Sunday newspaper Rapport reported the Stormers had enlisted former Saracens and Sharks coach Brendan Venter as their kicking skills coach to help scrumhalf Herschel Jantjies and Damian Willemse with their tactical kicking.

But deeper than that, South Africa has had career skills coaches whose tasks have been to tweak some of the most microscopic facets of a player's game, ranging from their gait to the hand they carry the ball and often how to limber oneself in the tackle to best effect an offload or recycle possession.

Sharks backline coach Dave Williams, who made his name as a top skills coach, says the value of the role has increased over time, especially where coaching teams are smaller.

The skills coach, he added, connects defence, attack and kicking together in such a way that oft-convoluted messages can be passed down to players in the simplest and most effective form.

The Sharks, whose skills coach is Phiwe Nomlomo, did well to get their players' ball skills on par with the kind of rugby they wanted to play. They wanted to pressure opponents into making turnovers on defence and move the ball quickly on offence, regardless of whether the forwards or the backline had the ball. The results were earth-shattering.

Newcomers such as prop Ox Nche and No 8 Sikhumbuzo Notshe were playing like they had been in Durban for a decade, getting involved in some of the most sumptuous attacking moves before Super Rugby ended abruptly.

"I think the skills role has massive scope to an organisation and the players enjoy it," Williams says.

"I'll use the Sharks as an example. We had a big coaching staff previously and sometimes the message of what you're trying to deliver can get lost because you've got a lot of coaches and everyone needs their time.

"This year, we brought it down to about three full-time coaches with the team, which is like a skeleton crew. And what you sometimes find with smaller coaching staff is that the messaging is much clearer.

"Having that hybrid skills role guy - who can float around from the defensive side, to the kicking game and to the attacking side - is of such high value to an organisation.

"That's where we in South African rugby can grow. We cover it well now but as you look to evolve as an organisation, you need a skills guy."

At the top, the skills coach has found success as well.

Mzwandile Stick helped the Springboks win the 2019 Rugby World Cup by rigorously training the likes of wingers Cheslin Kolbe and Makazole Mapimpi on different ways to exploit defensive openings.
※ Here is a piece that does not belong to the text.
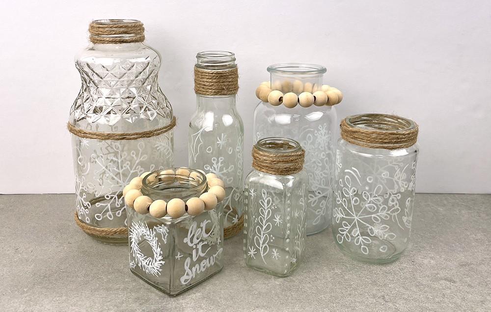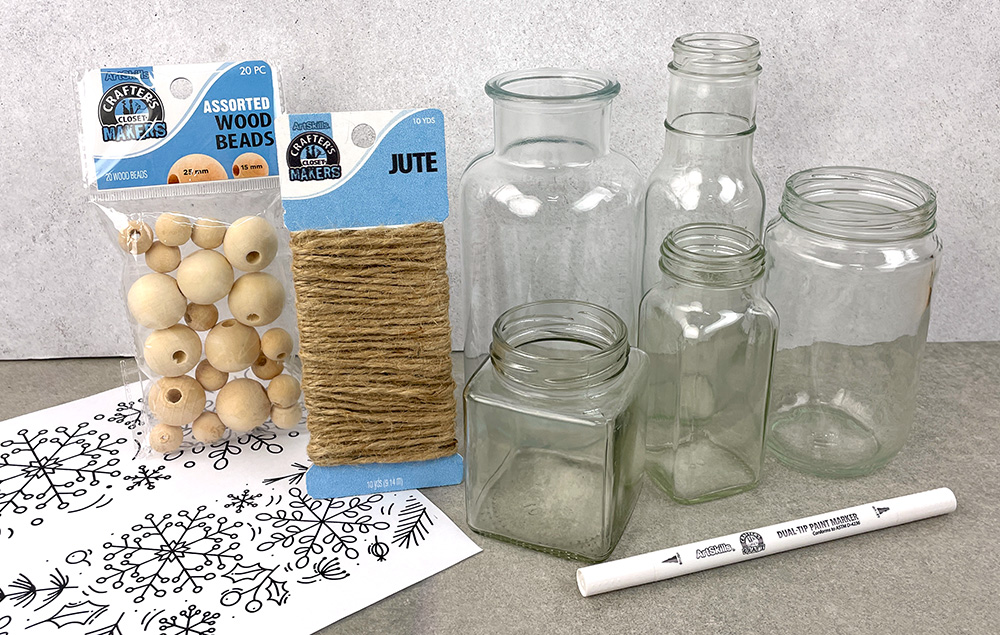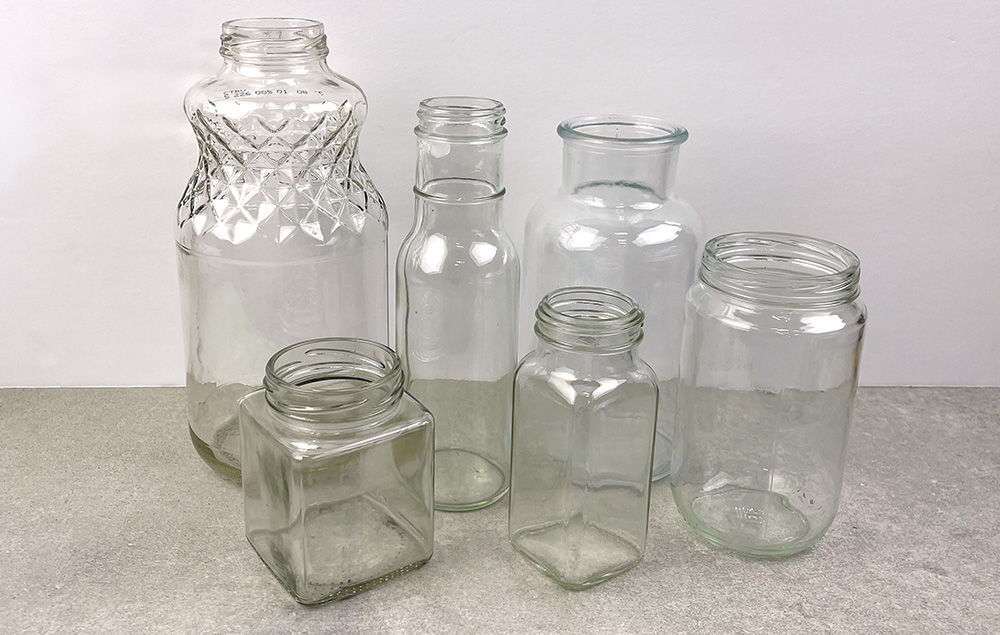 A) Gather recycled glass jars in assorted sizes and shapes. Remove any labels and adhesive, then wash and dry the jars thoroughly.

The result was that both came through with tries when it mattered most - the final against England at Yokohama International Stadium.
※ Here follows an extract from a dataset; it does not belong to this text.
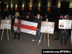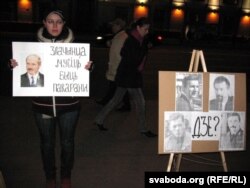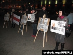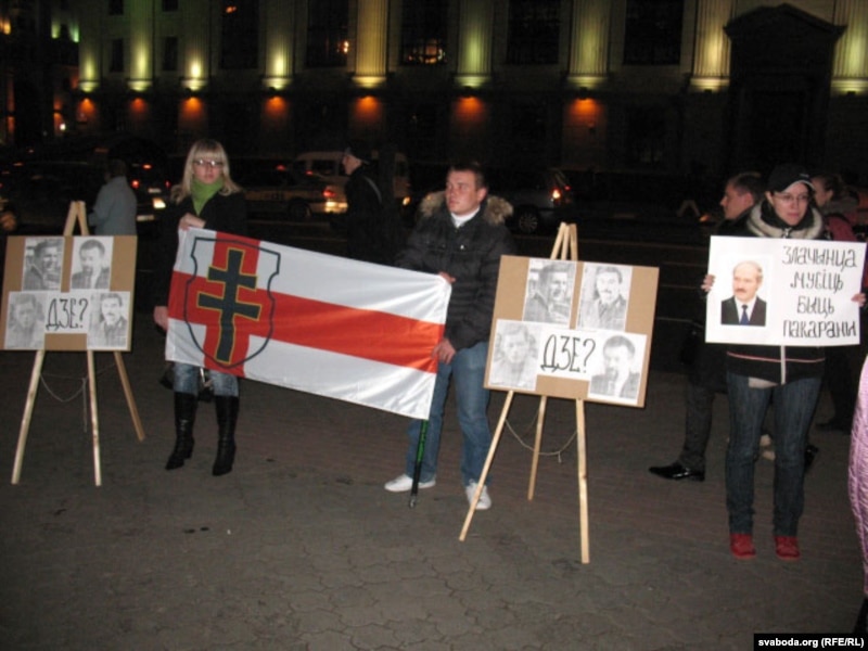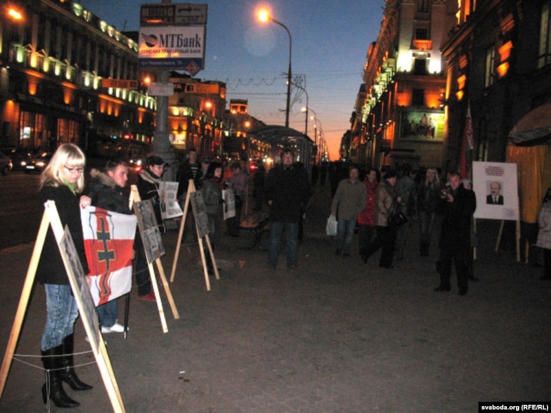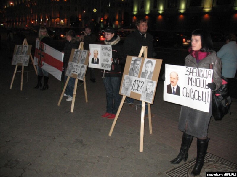 Насупраць пікету па зборы подпісаў за Аляксандра Лукашэнку некалькі актывістаў дасталі плякаты з партрэтамі А.Лукашэнкі і надпісамі: "Злачынца мусіць быць пакараны", "Забойца мусіць сысьці". На іншых плякатах былі партрэты зьніклых апанэнтаў дзейнай улады – Юрыя Захаранкі, Віктара Ганчара, Антоля Красоўскага і Зьміцера Завадзкага з пытаньнем: "Дзе?"

In the domestic scene, coaches such as Hayden Groepes (Bulls) and Sino Ganto (former Cheetahs skills coach) used their experience as former backs to good effect as skills coaches.

"I did the skills role at Bath and London Irish and you get a real one-on-one connection by doing work with a player individually or in pairs," says Williams.
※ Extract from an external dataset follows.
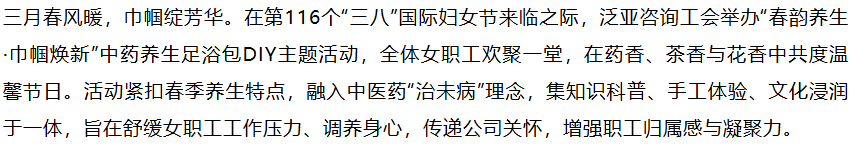 春韵养生 巾帼焕新——泛亚咨询工会举办三八妇女节主题活动

"What Stick does well is that he makes sure the players understand what pictures to look for and how to use various techniques to influence the game or the bigger part of the model of the game that the team has.

"Sometimes we put together big plans about the game and how to influence it but really developing them as individuals - both on and off the field - is of huge value.

"All organisations should have that skills role but it must cover all portfolios: attack, defence, kicking and mental."